● Given information:

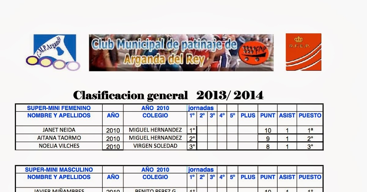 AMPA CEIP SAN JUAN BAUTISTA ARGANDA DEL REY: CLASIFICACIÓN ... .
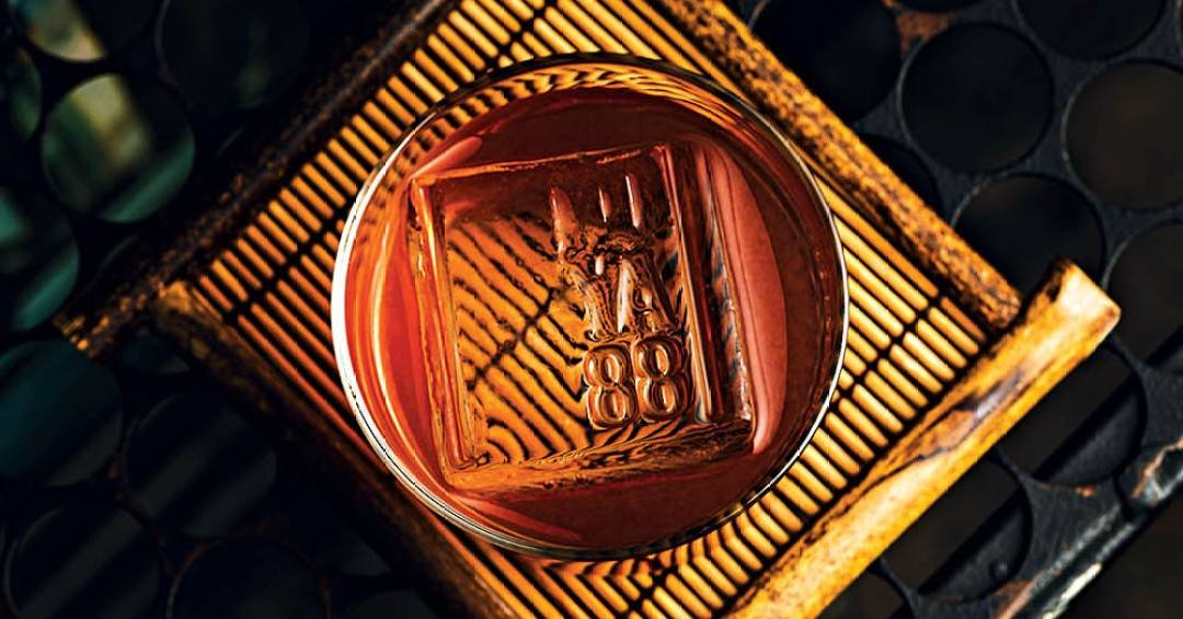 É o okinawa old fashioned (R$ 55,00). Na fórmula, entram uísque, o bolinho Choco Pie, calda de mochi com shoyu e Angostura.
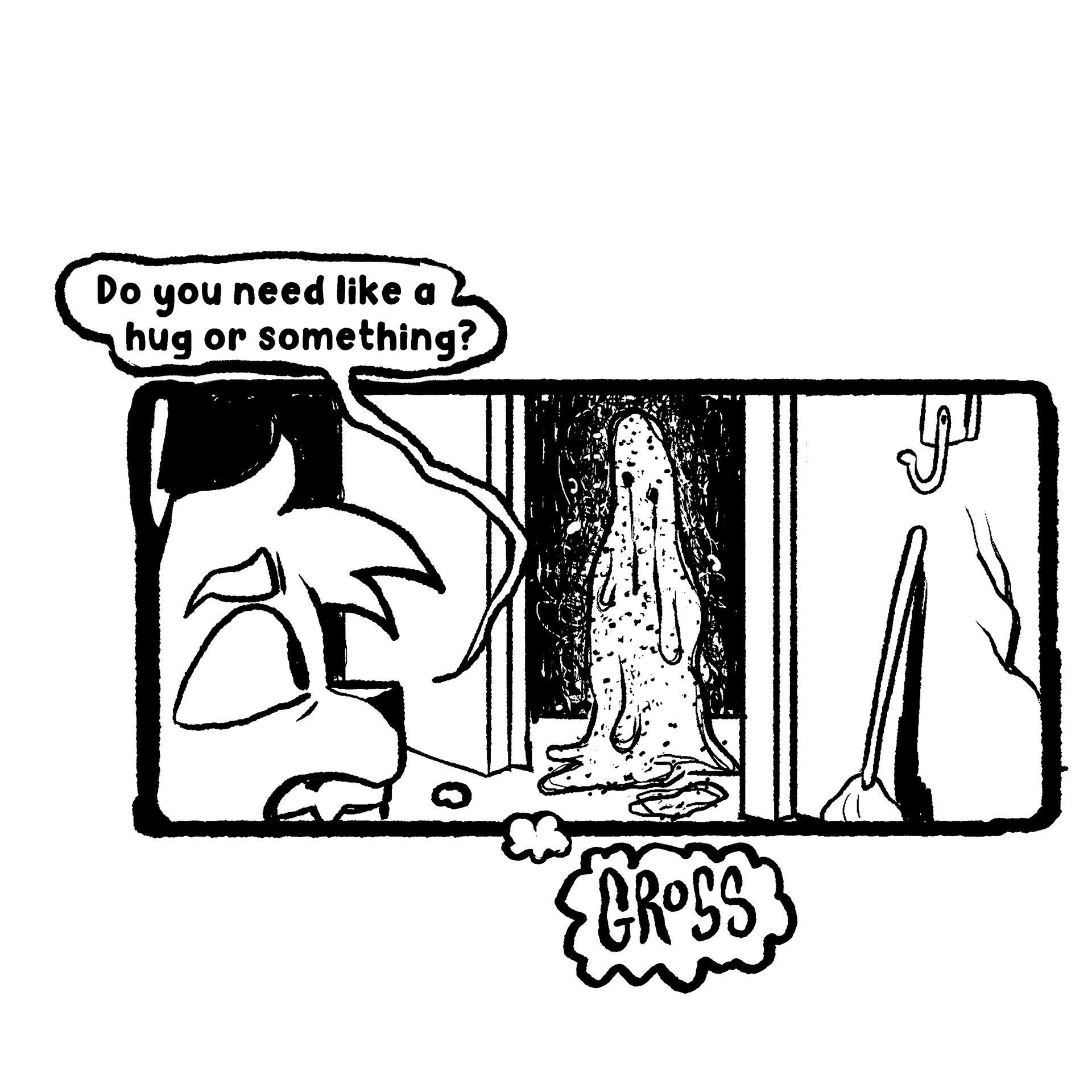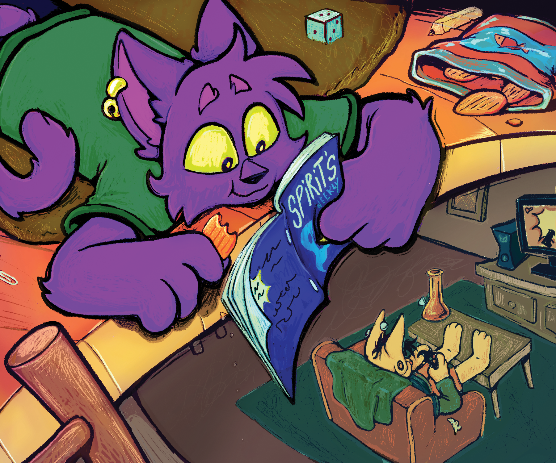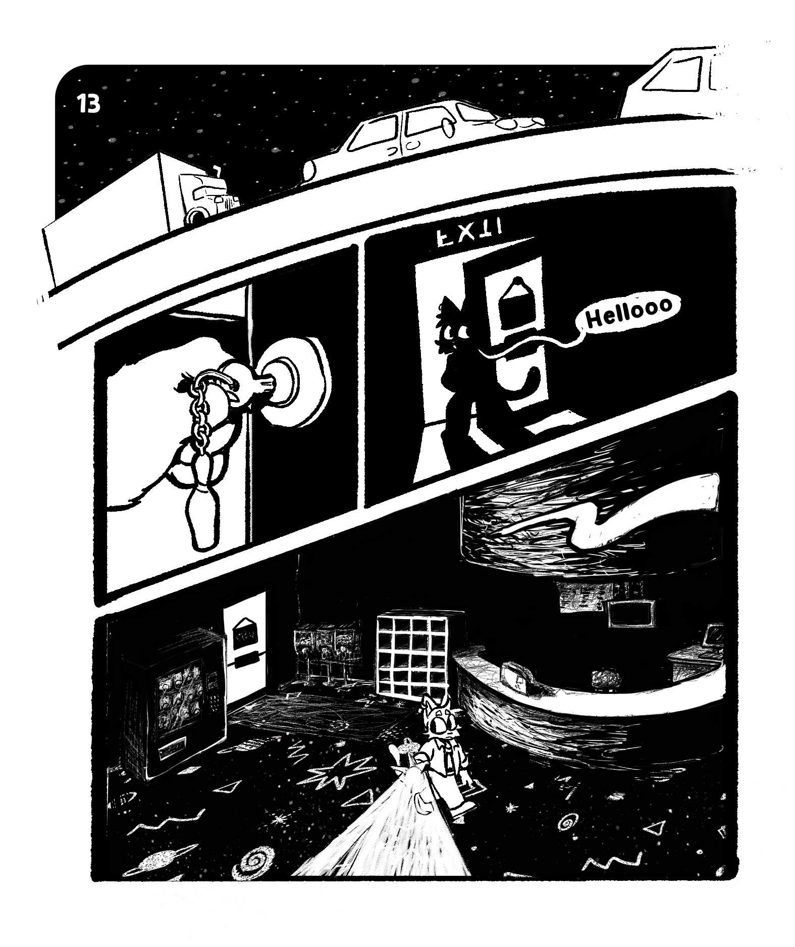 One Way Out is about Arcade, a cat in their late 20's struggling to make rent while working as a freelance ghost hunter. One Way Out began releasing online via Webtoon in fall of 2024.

● Problem to work on: Once the pictures have been removed, reproduce each line of the material above exactly.

● Answer to the problem:
 AMPA CEIP SAN JUAN BAUTISTA ARGANDA DEL REY: CLASIFICACIÓN ... .
 É o okinawa old fashioned (R$ 55,00). Na fórmula, entram uísque, o bolinho Choco Pie, calda de mochi com shoyu e Angostura.
 One Way Out is about Arcade, a cat in their late 20's struggling to make rent while working as a freelance ghost hunter. One Way Out began releasing online via Webtoon in fall of 2024.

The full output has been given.